The defence is, however, entitled to decide whether to peruse the record and take notes, as indicated above, or to canvass the referral before the Constitutional Court in view of the submissions made by counsel for the defence as regards the effect of a delay of the trial on the accused in this case whose practice as a lawyer has been suspended.


The registrar shall forthwith list this referral for mention before the Constitutional Court with notice to the prosecution and the defence.

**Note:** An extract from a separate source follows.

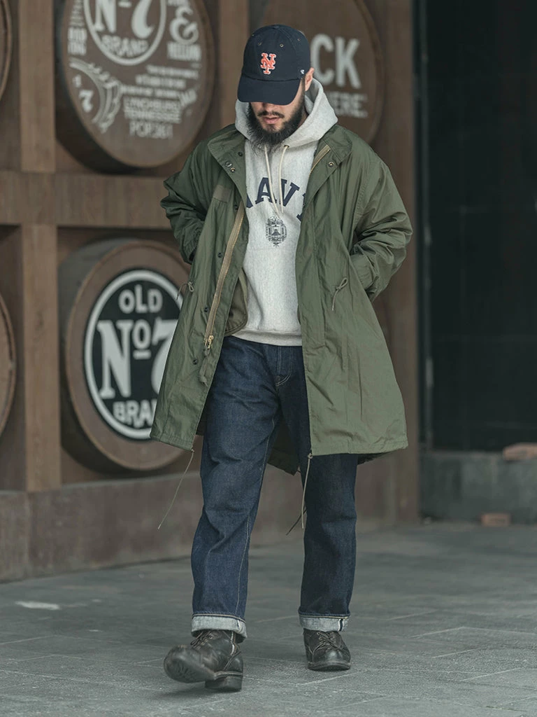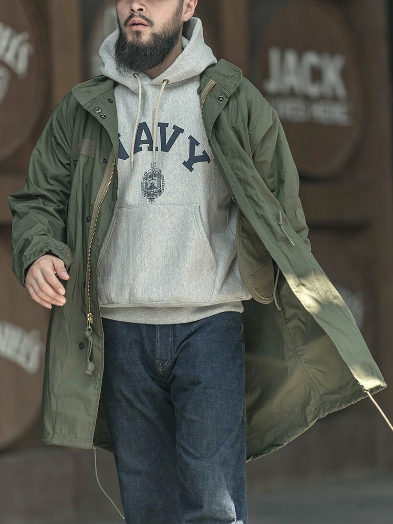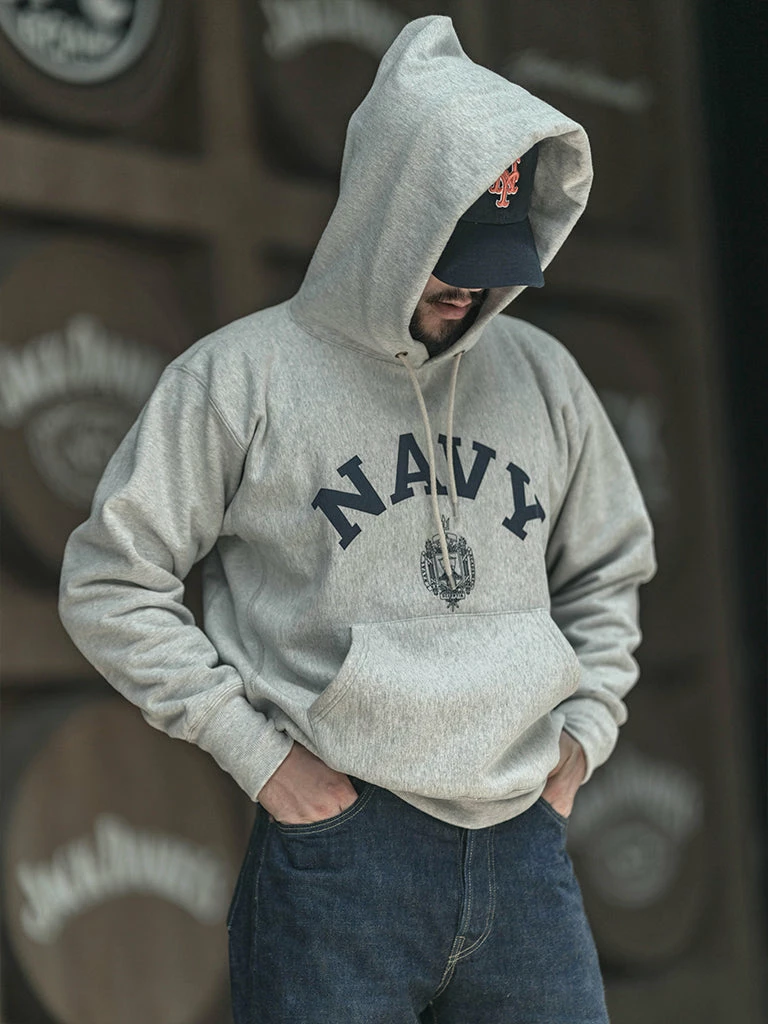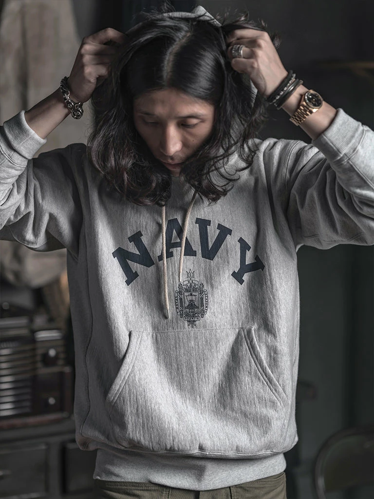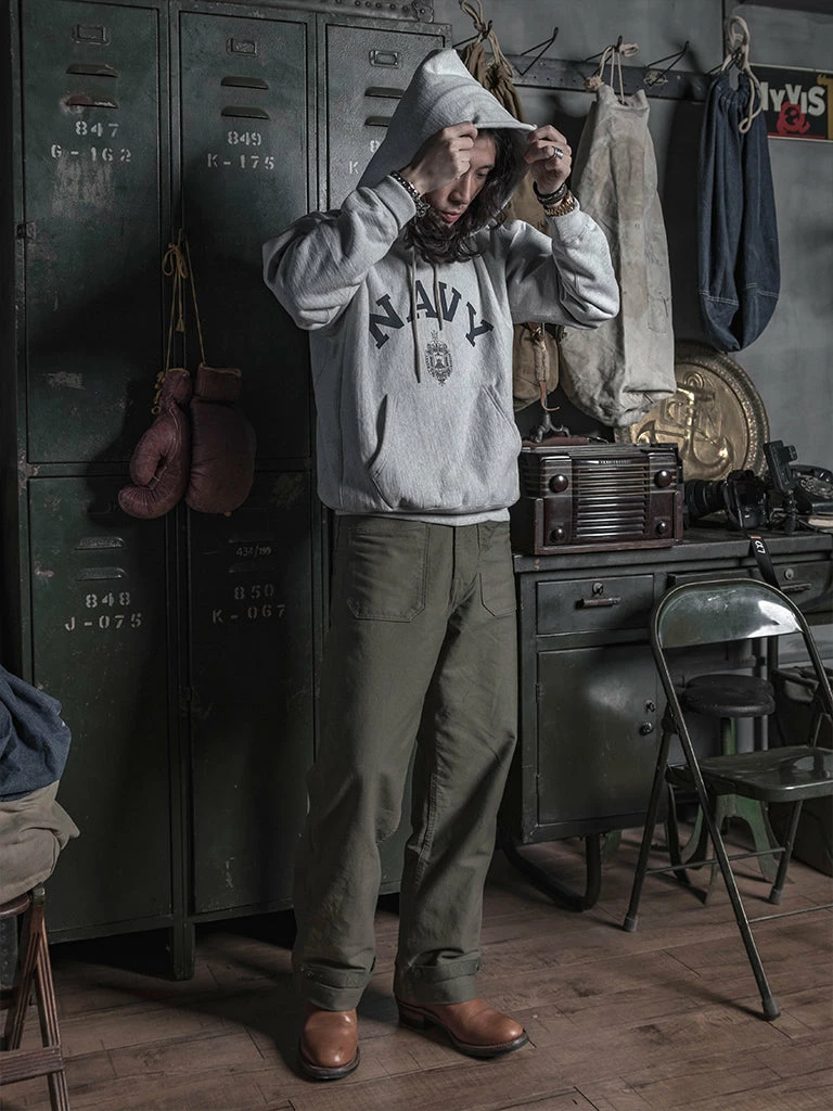 It is based on the US Navy Naval Academy training sweatshirt. The cut is an inverted triangle, and It makes you look tough. This sweatshirt is made of heavyweight 20 oz Terry cloth, after washing, reaches 21 oz The thick fabric gives a sense of security. The retro classic sewing process is adopted and adopts the Four needle six lines sewing process at the stitching thread of sleeve body and side body to restore the style of the original version.

The bail of the accused is extended on the same conditions.


ADDENDUM


Since writing the above ruling the defence has filed a motion dated 3 September 1998 supported by an affidavit of Mrs Georges, attorney for the accused, moving for an order of this Court ordering the prosecution to produced to the defence (1) a list of prosecution witnesses; (2) statements of those witnesses; and (3) any material in the prosecution docket having any bearing on this case, whether to be used by the prosecution or not, “in the event the motion dated 1st September 1998 heard yesterday is not granted.” In view of the ruling made today, this motion does not arise for consideration.